Y en medio de todo eso, cualquier chofer mañoso –le decía que somos artistas– apuesta por el performance… que puede consistir en llorar, suplicar, enfrentarse, inventar leyes o familiares ingresados y lo que sea que –se sospeche– pueda tocar la fibra sensible de la autoridad. Siempre me prometo ser así pero, en la concreta, pongo cara de adolescente trastornado y suelto: “Tiene razón, oficial. Cumpla con su trabajo”. Eso, amigas y amigos, sí es dar lástima.
Debe ser un trauma. Recuerdo que, a poco tiempo de obtener el permiso de conducción, un “caballito” se me pegó por la senda izquierda y, sin detener la marcha, me estuvo regañando y “dando clases” durante cerca de 30 segundos. Yo estaba rígido y no lograba mirar para el costado; hasta miedo de chocar tenía y ni recuerdo la barbaridad que había hecho. Al final el tipo se cansó de escuchar una y otra vez mi “Usted tiene razón, oficial” y siguió andando.

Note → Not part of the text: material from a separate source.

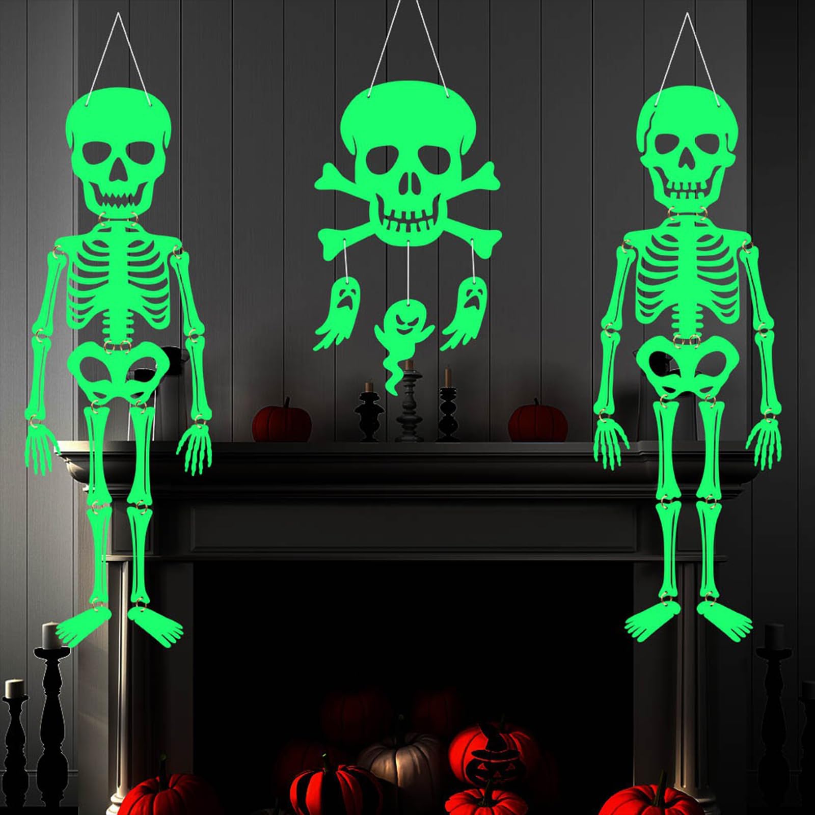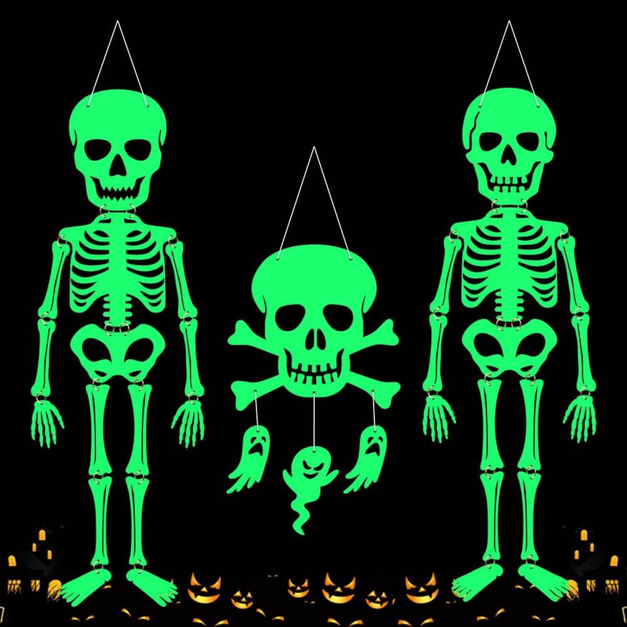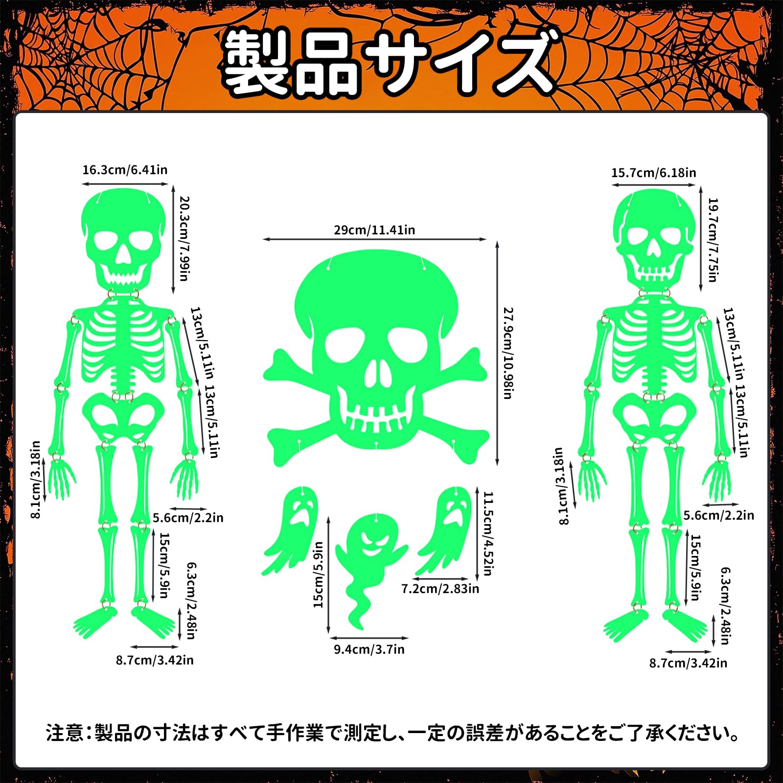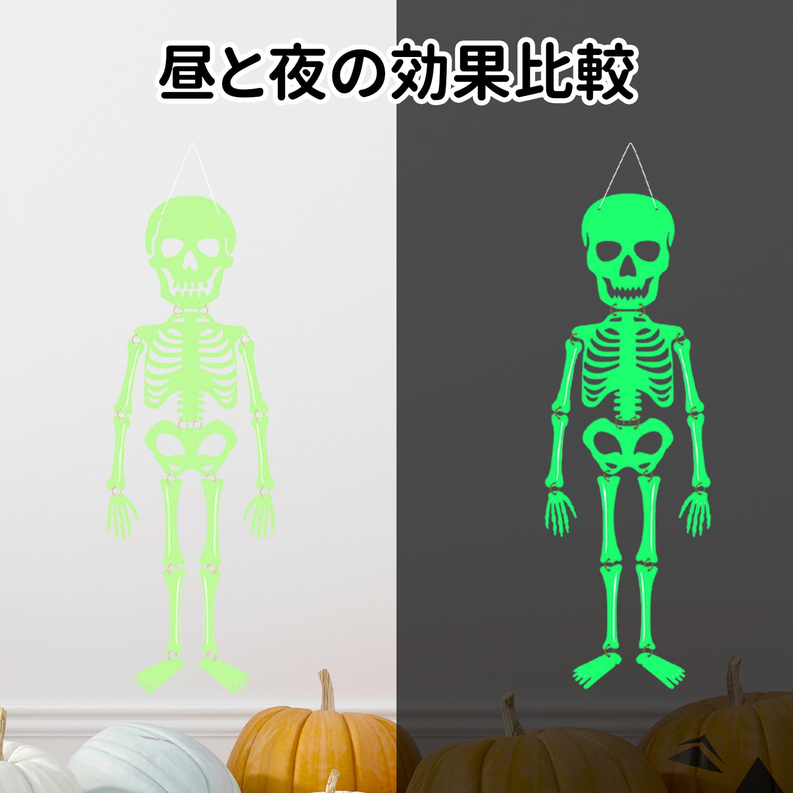 LEISURE CLUB ハロウィン 飾り 吊り下げ 骸骨 夜光 大きい 3点セット ハロウィン装飾 玄関 壁飾り 紙製 インテリ 窓 屋外 店舗 文化祭 学園祭 パーティー デコレーション 小物 道具 (夜光ガイコツ(3点セット))

Otra cosa es que lo que está para uno… de que llega, llega. Hace par de semanas me quedé botado justo frente al semáforo. Con trabajo, pude mal orillar el carro y desarrollar las revisiones básicas. Mientras le daba y le daba a la bomba del motor y me hacía el que apretaba las bujías, sentí por detrás el sonido escalofriante.
El uniformado parqueó y, con el rabillo del ojo, vi que revisaba unos papeles. Después dio par de vueltas en torno suyo, como aburrido, acabó yéndome para arriba y, con cara de guajiro bueno, como quien va a “tirar un salve”, dijo: “¿Qué te pasó?”.
Ya yo me las había arreglado más o menos, estaba cerrando la puerta y, sin poder ocultar la rigidez casi tetánica, dejé ir: “Acere, me quedé sin gasolina”. En ese momento prendió la verde, le agradecí la preocupación y, sin respirar, salí echando.